2007-10-24 Thread mabshoff



On Oct 24, 6:27 pm, "William Stein" <[EMAIL PROTECTED]> wrote:
> On 10/24/07, Jaap Spies <[EMAIL PROTECTED]> wrote:
>
> > > The above corresponds to the following lines in matrix2.pyx:279-281:
>
> > > tmp = []
> > > for cols in lst:
> > > tmp.append(self.prod_of_row_sums(cols))
>
> > > The crash itself happens when the tmp.append() fails.
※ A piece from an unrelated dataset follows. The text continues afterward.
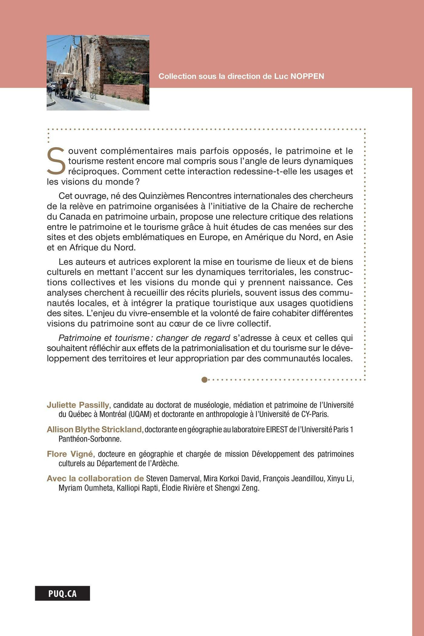 Cet ouvrage, né des Quinzièmes Rencontres internationales des chercheurs de la relève en patrimoine organisées à l’initiative de la Chaire de recherche du Canada en patrimoine urbain, propose une relecture critique des relations entre le patrimoine et le tourisme grâce à huit études de cas menées sur des sites et des objets emblématiques en Europe, en Amérique du Nord, en Asie et en Afrique du Nord.

That indicates a
>
> It would perhaps be worth changing the code to
>
> some_large_integer = 3**(10**5)
> tmp = [some_large_integer]*len(lst)
> for i in xrange(len(lst)):
>  tmp[i] = self.prod_of_row_sums(cols[i])
>
> and see what happens.  I mean, maybe the problem is in
> prod_of_row_sums instead of append?
>
> We really need to replicate this on another 32-bit machine.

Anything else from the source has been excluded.